- [WHAT THIS TASK INVOLVES] Copying starts at the line containing "Complete hive 2" and stops after the last line of the records; each line is repeated exactly, and pictures are skipped.

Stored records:
⟨

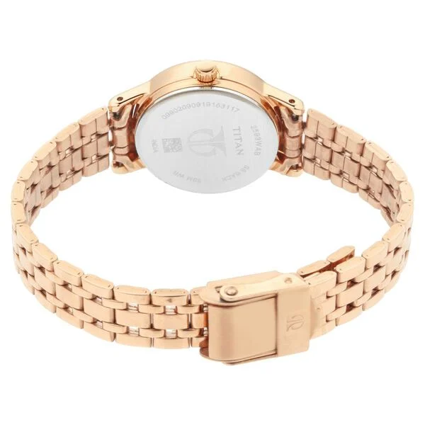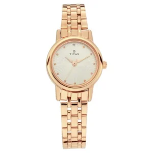 Model Name: Titan Quartz Analog Silver Dial Rose Gold Stainless Steel Strap Watch for Women
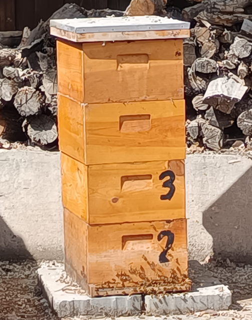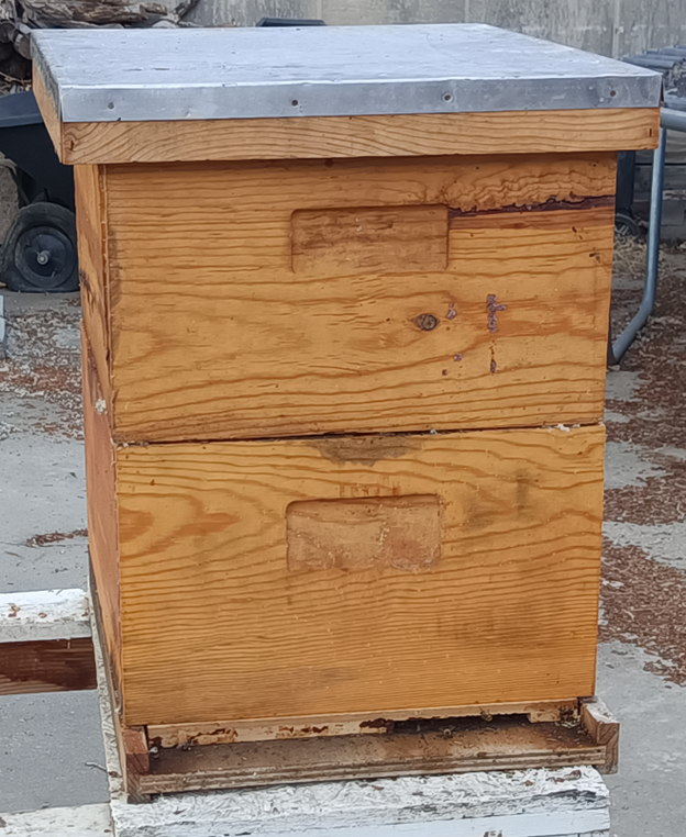 Complete hive 2 deep with telescoping lid, this hive is from a split. It is active, (see pic) but just getting started- $225
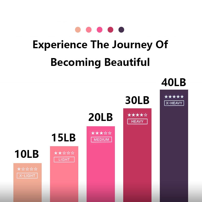 We have 5 styles to choose from-Light Yellow- Lowest resistance (10LB) to Purple highest resistance (40LB)
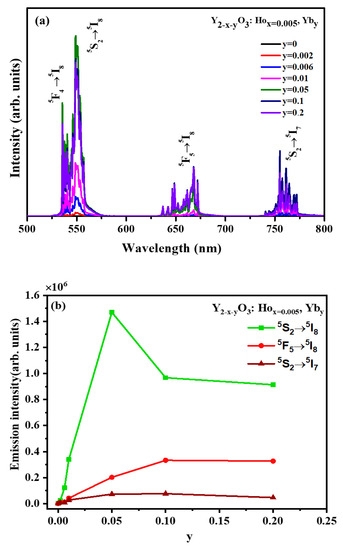 (a) UC emission spectra of Y2−x−yO3: Hox=0.005, Yby powders and (b) green (5S2 → 5I8), red (5F5 → 5I8,), and NIR (5S2 → 5I7) emission intensity peak as a function of y.
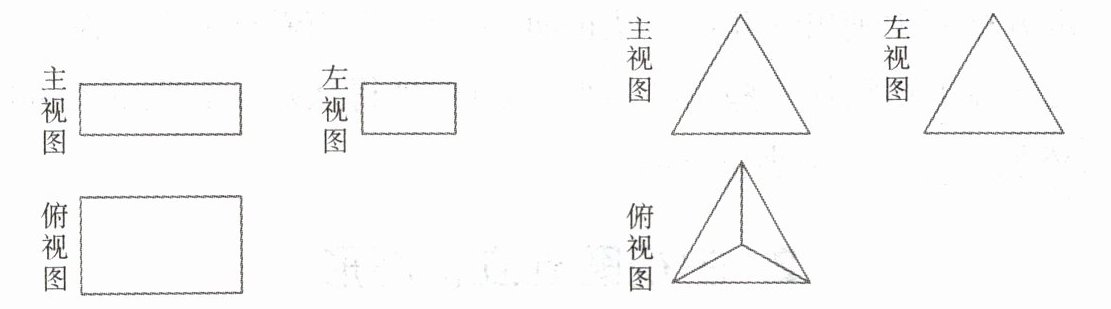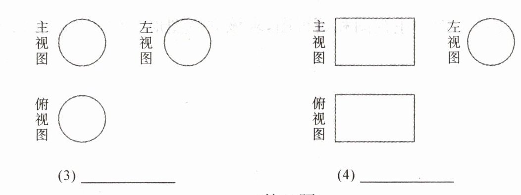 6. 如图(1)~(4)是一些立体图形的三视图,请在横线上填上相应立体图形的名称.

⟩

- [ANSWER TO THIS PROBLEM]
 Complete hive 2 deep with telescoping lid, this hive is from a split. It is active, (see pic) but just getting started- $225
 We have 5 styles to choose from-Light Yellow- Lowest resistance (10LB) to Purple highest resistance (40LB)
 (a) UC emission spectra of Y2−x−yO3: Hox=0.005, Yby powders and (b) green (5S2 → 5I8), red (5F5 → 5I8,), and NIR (5S2 → 5I7) emission intensity peak as a function of y.
 6. 如图(1)~(4)是一些立体图形的三视图,请在横线上填上相应立体图形的名称.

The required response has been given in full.